The ruling came in a lawsuit brought by Safelite against Minnesota Department of Commerce Chairman Michael Rothman.
“In Minnesota, insureds have the right to select whatever shop they wish to perform auto-glass repair or replacement work,” Minnesota District Judge Susan Nelson wrote in court documents. “However, insurers are only required to pay the selected shop a ‘competitive price that is fair and reasonable within the local industry at large[,]’ for the work performed. If a shop and an insurer disagree on the fair price, the issue is subject to arbitration. This system creates the potential for shops to pursue insureds for the difference between what the shop charges and the insurer pays—a practice known as “balance billing.”

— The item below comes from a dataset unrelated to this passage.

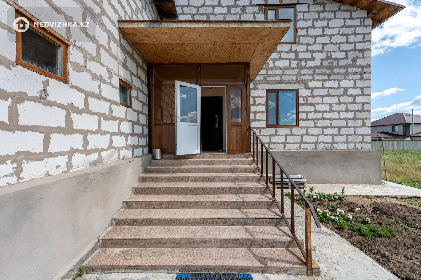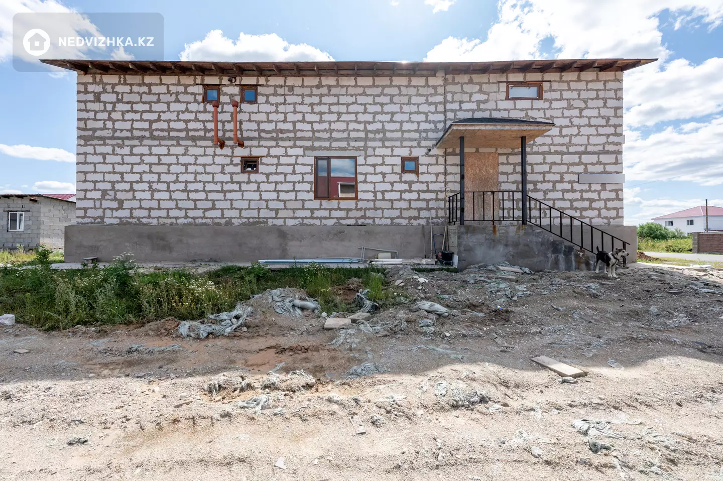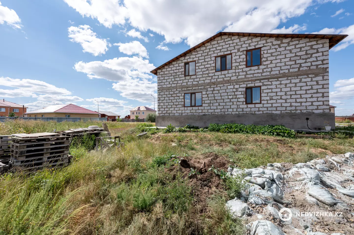 Дом (361, 9кв. метров) построен из газоблока, облицован кирпичом, крыша покрыта металлочерепицей.
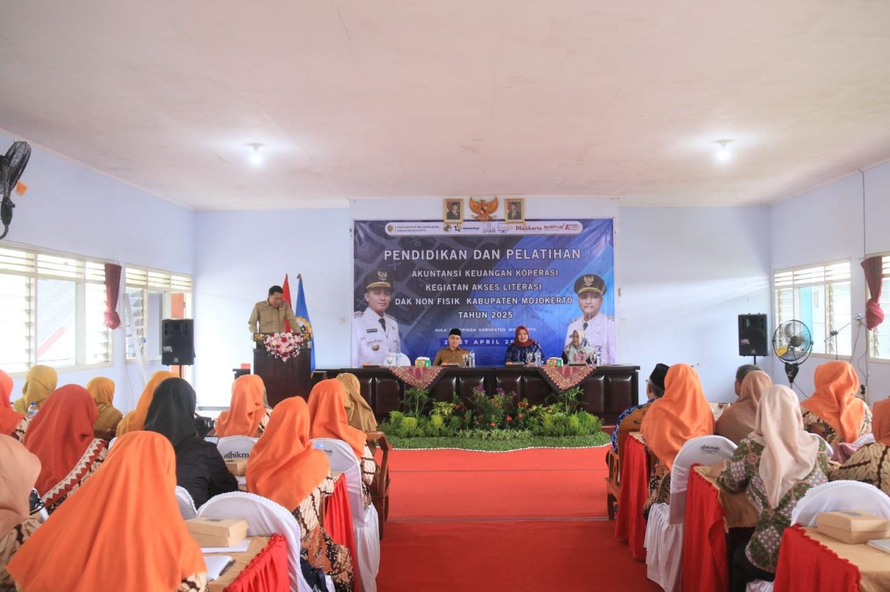 Program pelatihan dalam rangka penguatan kapasitas dan fondasi perekonomian lokal di Kabupaten Mojokerto ini, digelar di aula gedung Dekopinda Kabupaten Mojokerto, pada Selasa (22/4) siang.

The Department of Commerce argued that Safelite’s use of the phrase “may be” was misleading and deceptive and that Safelite “ … consistently attempted to persuade the insured into using a [Safelite or Network shop] by representing that the insured risked being balance billed for amounts the [non-Network] shop might charge beyond those deemed reasonable by Safelite[.]”
Nelson pointed out in her ruling that “there is no evidence the DOC ever received any complaint from a consumer/insured regarding Safelite’s claims administration practices.”
However, she also noted that “ … there is evidence in the record that on at least two occasions, non-Network shops balance billed an insured and attempted to collect on that bill.”
With regards to Safelite’s reminders to customers that they “may” be balance-billed by using a non-network glass company, Nelson further noted that “ … although Safelite is not prohibited from recommending a vendor to an insured, before doing so, it must ‘offer [the] insured the opportunity to choose the vendor.’ Furthermore, if Safelite does recommend a vendor, it must also give this advisory: ‘Minnesota law gives you the right to go to any glass vendor you choose, and prohibits me from pressuring you to choose a particular vendor.’ Second, Safelite is prohibited from ‘engaging in any act or practice of intimidation, coercion, threat, incentive, or inducement for or against an insured to use a particular company or location to provide the motor vehicle glass repair or replacement services or products.’”
Safelite argued that its scripted reminders to customers fall within these requirements.
Nelson agreed, stating that although Safelite’s “may be balance billed” statements are “potentially misleading,” they are not “inherently misleading” and thus protected as free speech.
“The DOC’s prohibition on Safelite’s use of ‘may be balance billed’ statements violates the First Amendment and thus the Consent Order is unenforceable,” Nelson wrote.